Instructions to follow: Nothing but the lines from the one containing "Enter the open" through the end of the data below should appear in the answer, each exact and free of pictures.

The data:
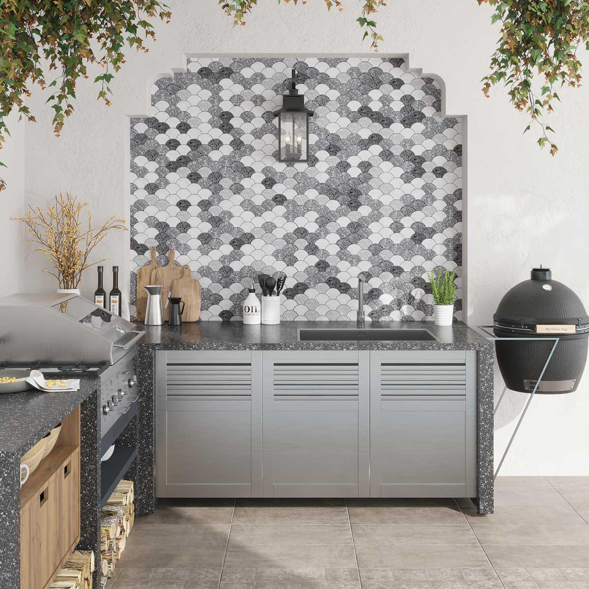 Our black and gray terrazzo tile is a great choice for the outdoor accent wall as the color contrasts well with the greenery around. The pattern has a wave-like shape that is perfect for an outdoor space.
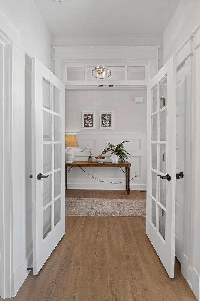 Enter the open Foyer and you’ll find two gracious Bedrooms with large closets and shared full Bath. A beautiful open concept Dining Room adjoins the Kitchen and Great Room.
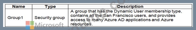 다음 표에 표시된 사용자를 포함하는 contoso.com이라는 Azure AD(Azure Active Directory) 테넌트가 있습니다.
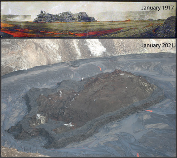 Des îles en train de flotter et de se déplacer à la surface des lacs de lave du Kilauea ne sont pas chose exceptionnelle. Elles ont été observés lors d’éruptions du volcan dans le passé, par exemple au cours de l’activité de l’Halema’uma’u avant 1924.

Output of the exercise:
 Enter the open Foyer and you’ll find two gracious Bedrooms with large closets and shared full Bath. A beautiful open concept Dining Room adjoins the Kitchen and Great Room.
 다음 표에 표시된 사용자를 포함하는 contoso.com이라는 Azure AD(Azure Active Directory) 테넌트가 있습니다.
 Des îles en train de flotter et de se déplacer à la surface des lacs de lave du Kilauea ne sont pas chose exceptionnelle. Elles ont été observés lors d’éruptions du volcan dans le passé, par exemple au cours de l’activité de l’Halema’uma’u avant 1924.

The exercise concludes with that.